There’s been a lot said about the vote tomorrow on the Embryology Bill because it’s a specific, and one where there’s at least some notional risk of a setback to abortion rights. Otherwise, rightly or wrongly, I suppose people see the right to abortion as a battle already won.

11. douglas clark

Alan Thomas,

I think that the current consensus is right. Nadine Dorries thinks otherwise. The problem that we have is that Nadine Dorries is an MP and can put up motions that will effect us all. Which is her right as an MP. It is also our right to say that she is misusing her position and bringing parliamentary democracy into disrepute. At least, that’s how I see it.

Incidentally, her ‘arguement’, if you can call it that, is an appeal to emotion, rather than reason. Whilst I have my own views on the subject, it is worth recognising that as well as being anti abortion, the fragrant Ms Dorries is also agin contraception. Ms Dorries is attempting to take on a ‘moral majority’ hat, the likes of which has not been seen since Mary Whitehouse popped her clogs.

12. douglas clark

Stroppybird,

Apologies. It is all to easy to pick out the thing you disagree with and comment on that. I should have made it clear that apart from the caveat I had, and have, in 3, I agree completely with the rest of your post.

Not sure about calling Ms Dorries ‘fragrant’, but there’s definitely a smell about her…

I definitely agree with the idea that liberals can never accept definitive answers, so I think if anyone on the left is ignoring these questions it must be those on the illiberal left who can’t deal with the complexities of real life.

Douglas I would have thought it pretty obvious that I agree with freedom of choice on the abortion issue, and with all due respect I really don’t need to be taught the bad stuff about Nadine Dorries or the other assorted loons, goons and buffoons who make up the UK “Pro-Life” movement’s great and good.
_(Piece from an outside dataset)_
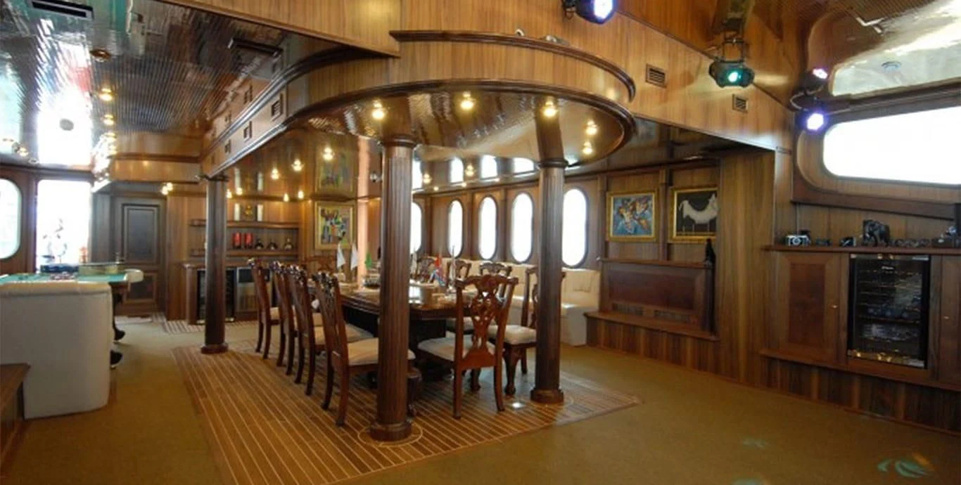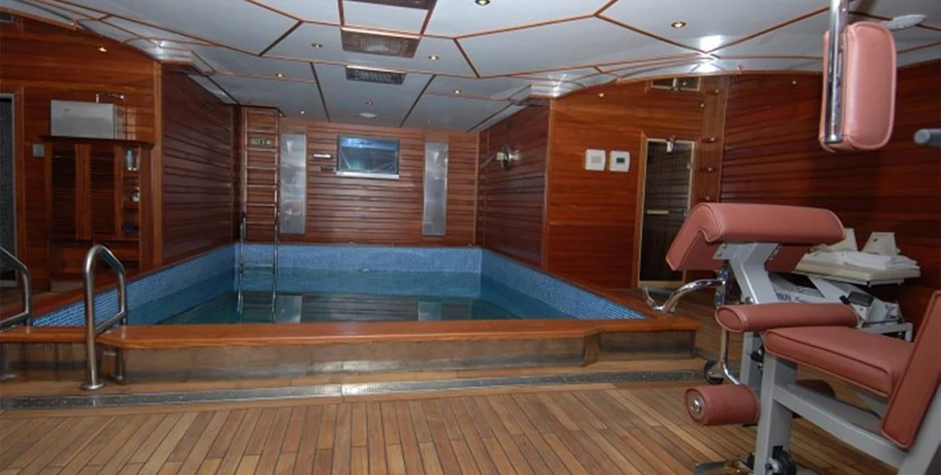The main salon exudes warmth through its tasteful color palette and plush furnishings - it's an ideal place for socializing or simply unwinding after a day full of adventures on water! The dining area resonates with elegance where fine dining becomes an unforgettable experience every single time! For fitness enthusiasts onboard, there’s also a well-equipped gym offering state-of-the-art facilities.

That wasn’t my point.

My point was only that you don’t constantly hear left-wingers talking about abortion rights because, in the eyes of most of the public at least, these are something that we already have. Frankly I’ll fall off my chair if that changes tomorrow, although I accept that it always pays to be vigilant.

Alan

I understand what you mean by the status quo but we have to remember the anti abortionists will not give up and go away. any chance they will take it to undermine the rights we have. They may have been won, but they are always at risk.

We can be pretty sure the anti abortionists will have been putting pressure on MPs. Some of them may see agreeing to a time limit as a compromise. Of course the anti abortionists will see that as encouragement to go further. My concern is the left havent been fully behind this campaign and actively making comtact with MPs on this and countering the emotive and scientifically doubtful crap of Nadine Dorries.
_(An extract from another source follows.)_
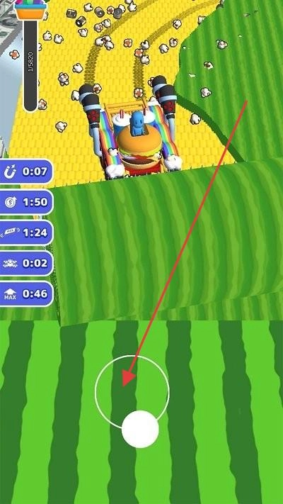 先试试“控车捡道具”!沿着彩色赛道开,3秒内瞄准绵羊或金币,别碰围栏,每收集5组道具就能得1钻石,超流畅,还能攒升级材料。

And as for the status quo and a right won I would argue what we have is not good enough. We need to campaign for one doctors signature . Im not sure of the figures but im pretty sure lots of women go private for abortions as its quicker and easier . I have to say if i was ever in that position I probably would as contrary to other myths most women want to do it early and don’t wake up at 20 odd weeks and suddenly decide to abort.

If we are always just defending we will see those rights defending, we will always be on the backfoot. And it doesnt help if we have as leaders men who won’t vote to defend and push for the rights of women to control their own bodies.

“If we are always just defending we will see those rights defending”

oops, meant to be “if we are always just defending we will see those rights pushed back”

I see that three Labour Representation Committee supporting MPs voted for 22 weeks, and one voted for 12 weeks.

So why do you single out Galloway?

Was there any discussion on the LRC national committee about mandating the LRC MPs.

Yet we were told it was “shameful” by Tami Peterson , who is actualy on the LRC national committee, that we were not mandating galloway.

Did the LRC steering committee discuss it? Why is it shameful for Respect, but not even worthy of comment about the LRC MPs?

Doesn’t Respect Renewal sell itself as being, like, more left wing than the Labour Party, though? Or does that not extend to questions of womens’ rights?